Mais il n’ose les ouvrir parce que Guillemette est là, près de lui, appelée aussi par la venue du facteur, et murmure d’un accent de déception anxieuse :

— Comment, père n’a pas écrit ?… Je le lui avais tant demandé !

— Et il vous l’avait promis ?

— Il m’avait dit qu’il ferait son possible pour cela…

Elle mord un peu sa lèvre, pour dompter une émotion qui ne veut pas s’avouer. Et à ce léger signe, il devine à quel point, elle demeure obscurément troublée de l’attitude de son père. Puisque lui-même ne sait rien, que peut-être il redoute à tort un malheur, pourquoi ne pas lui laisser encore la foi bienfaisante qu’elle s’alarme en vain ?… Et après elle, il répète :

— Votre père vous avait dit qu’il ferait son possible… Eh bien, il n’aura pu, voilà tout !… Il est arrivé tard, hier, à Paris… Guillemette, quelle enfant impressionnable vous êtes devenue depuis que nous sommes séparés !…

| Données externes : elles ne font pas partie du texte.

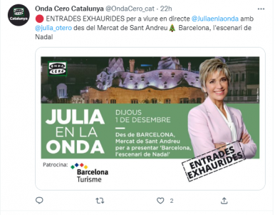 Impacte a través d'anuncis no digitals i publicitat exterior: premsa escrita, espots televisius, mencions a ràdio i pantalla exterior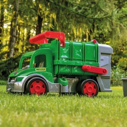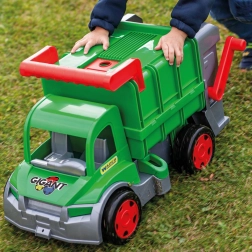 Popelářské auto WADER GIGANT FARMER přináší dětem realistickou hru na úklid města. Díky pohyblivému zvedáku snadno vyprázdní přiložený kontejner, otevíratelná zadní klapka usnadňuje nakládku a vykládku a volně běžící kola zaručují plynulý pohyb. Nosnost až 50 kg dovolí dětem si na autě sednout a držet se za praktické horní madlo, zatímco přední závěs umožní tažení nebo propojení s dalším vozidlem či šňůrou.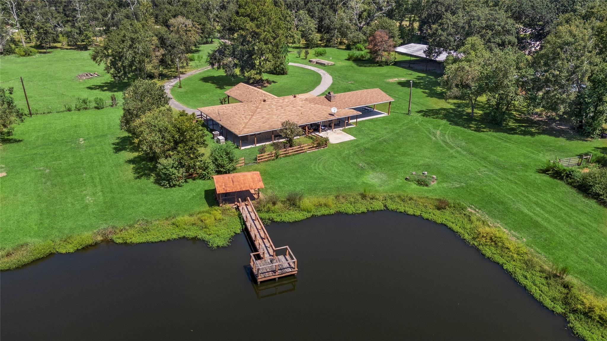 Enjoy the peace and quiet of country living on this 10 acre property. Beautifully remodeled 3/2 home. Big kitchen opens up to living area w/ Austin Stone fireplace.French doors open to the back patio that look out to the pond and back pasture.Covered veranda all the way around.Home generator. Open and breezy 28X30 sq ft carport attached with composite roof is great for parties,parking or can be enclosed for a garage.The 1200 sq ft shop has been divided in half to create a man-cave in the back. Partially built-out but materials are there. 8 stall barn with extra large stalls and pole barn for storing RVs, tractors, mowers and ATVs. 2 more stalls on property too. Cross fenced for horses. 1 acres pond with pier and covered deck. Water and septic on 3 other areas for multi-generational families. No Flooding! 15 minutes to all amenities of The Woodlands. This unrestricted property is a true gem! Come out,walk the property and understand what a treasure this place is!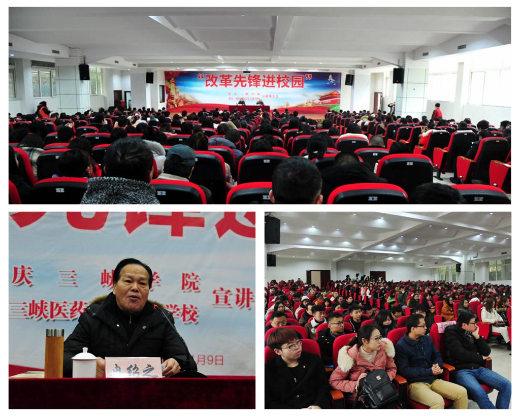 1月9日,在改革开放40周年大会上获得表彰的“改革先锋”冉绍之同志来到重庆三峡学院,向师生们宣讲参加改革开放四十周年大会的真情感受,见证改革开放的心路历程,参与改革开放伟大实践的难忘经历,以及对改革开放未来的美好向往。

Elle sourit un peu, inconsciemment apaisée par l’accent de badinage qu’il a pu employer ; et, sur sa bouche, reparaît l’expression malicieuse et caressante :

— Peut-être parce que je ne subissais plus l’influence de votre sérénité, mon oncle… Mais maintenant que vous êtes de retour, je vais redevenir très sage… Surtout si je retrouve bien en vous mon ami… mon ami fidèle, que la séparation n’a pas rendu oublieux…

Pourquoi parle-t-elle ainsi ? Il l’enveloppe d’un regard rapide.

Ils ont descendu les degrés du perron et marchent autour la pelouse où l’herbe est rousse, sous les arbres revêtus de leur feuillage de légende. Une senteur de terre mouillée, de chrysanthèmes, de mousse humide, erre dans la brise froide qui souffle de la mer, emportant à travers le ciel d’automne, sous le soleil, le vol lourd des nuées et les flocons duvetés des fils de la Vierge, arrachés aux branches.

Guillemette serre autour d’elle l’écharpe, d’un rose de corail, jetée sur ses épaules, et qu’elle a relevée à demi sur ses cheveux pour les protéger contre le vent… Mais une boucle vagabonde mousse obstinément sur le front.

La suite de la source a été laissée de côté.